До сих пор помню адрес, по которому мы писали письма, посылали посылки: Коми АССР, г. Ухта, п/я №.... Мама работала и на лесоповале, и в шахте, и на каких-то других тяжелых работах. Иногда она присылала вырезки из лагерных газет, где упоминалась её фамилия среди отличных работников. Вскоре её назначили бригадиром. Переносить ей приходилось многое. Однажды, заблудившись в лесу, мама попала в болото, сильно увязла в трясине и чудом спаслась, постепенно перекатываясь с боку па бок, выбравшись на сухое место. Уроженка Крыма, она тяжело переносила северные морозы, много раз отмораживала уши и щёки. Но старалась не унывать и нам писала бодрые письма. Впоследствии она говорила мне, что, прочитав, где-то, что от частых слёз сильно портится фение, она дала себе слово никогда не плакать, чтобы, вернувшись, быть полезной, по её словам, сыну и мужу. И когда ей было особенно тяжело, она со стонами лишь кусала подушку, но плакать себе запрещала.
Конечно, мы старались почаще писать ей, в отсылаемые письма бабушка часто вкладывала 5-10 рублей. Иногда они доходили, по чаще их изымали, видимо, при перлюстрации. В положенные сроки (кажется, не чаще раза в месяц) мы собирали и отправляли маме посылки. Однажды бабушка решила приурочить посылку к Пacxe (в тот год это было 2 -го мая). На почте отправительница по-
интересовалась: "... К первомайскому празднику посылаете?" - "Да да - поспешно ответила бабушка - конечно, к Первомаю". На мой удивлённый вопрос уже дома бабушка долго внушала мне, что о религиозных праздниках не стоит распространяться и лучше вообще скрывать, что у нас верующая семья. К слову, должен сказать, что в детстве по отношению к религии я был в каком-то двойственном положении.
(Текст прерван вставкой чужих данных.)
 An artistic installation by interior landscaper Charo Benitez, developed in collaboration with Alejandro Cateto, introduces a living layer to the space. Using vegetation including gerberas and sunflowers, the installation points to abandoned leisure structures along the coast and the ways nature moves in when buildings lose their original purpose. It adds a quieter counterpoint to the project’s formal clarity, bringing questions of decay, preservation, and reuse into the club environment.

Мамина семья, как я уже говорил, была глубоко религиозна. В семье же отца религиозной была только бабушка Ольга Леонидовна (за что и пострадала), а её второй муж, дочь и мой отец отличались почти воинствующим атеизмом. Жили мы в семье дедушки и в самом раннем детстве меня постоянно брали с собой в церковь даже на всенощные бдения. Иногда я сопровождал уже больного дедушку (помню, по дороге он часто отдыхал, облокотившись на меня). Ещё до маминого ареста я как-то даже во время богослужения прислуживал священнику в настоящем церковном одеянии. В то же самое время мне частенько приходилось слышать иронические, насмешливые высказывания о религии отца и тёти. Видимо, поэтому настоящая религиозность во мне глубоко не укоренилась.
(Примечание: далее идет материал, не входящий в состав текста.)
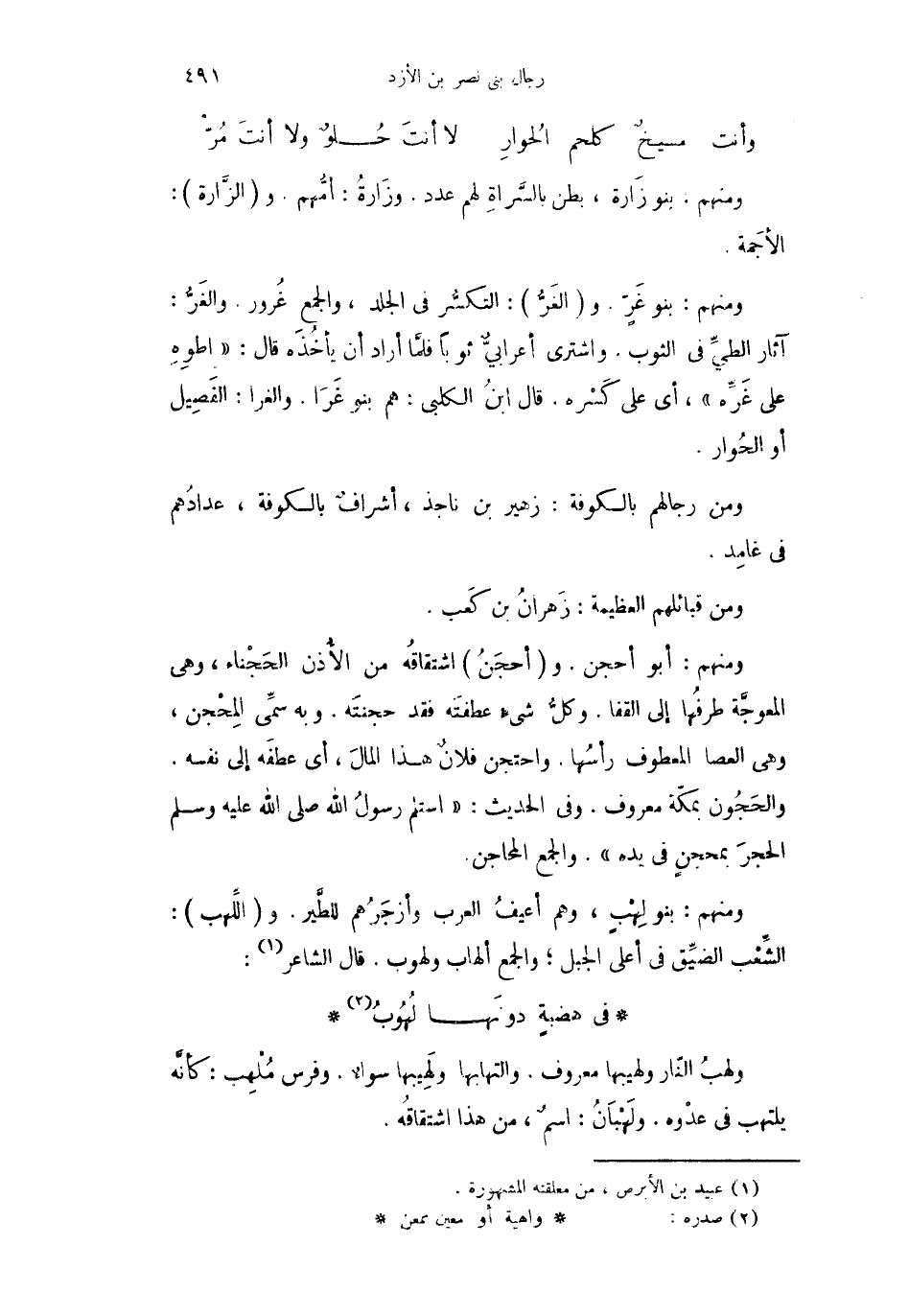 ومنهم: بنو لِهْبٍ، وهم أعيفُ العرب وأزجَرُهم للطَّير. واللَّهب: الشَّعْب الضِّيق في أعلى الجبل، والجمع ألهاب ولهوب. قال الشاعر:

Интересно, что, несмотря на идейные разногласия в этом вопросе, именно религия, церковь соединила и породнила эти две такие разные семьи. Дело в том, что дедушка с Ольгой Леонидовной познакомились именно в церкви, где оба они были истовыми прихожанами. Она часто бывала в гостях у Беспаловых на религиозных праздниках, так как у себя дома не встречала понимания. Тётя вспоминала, как тепло её мать отзывалась о семье дедушки. Не раз, бывало, говорила, обращаясь к сыну: "Вот бы тебе, Ростислав, на Любочке жениться, замечательная девушка, а какая чудная, дружная семья, все религиозные...". Это желание Ольги Леонидовны исполнилось, но, к сожалению, она уже об этом не узнала. По воспоминаниям моей мамы, именно арест Ольги Леонидовны особенно сблизил их; мой отец часто приходил к ним, в ту семью, где так любили его мать. И моё рождение связало навсегда эти две семьи, хотя отношения были далеко не идиллическими.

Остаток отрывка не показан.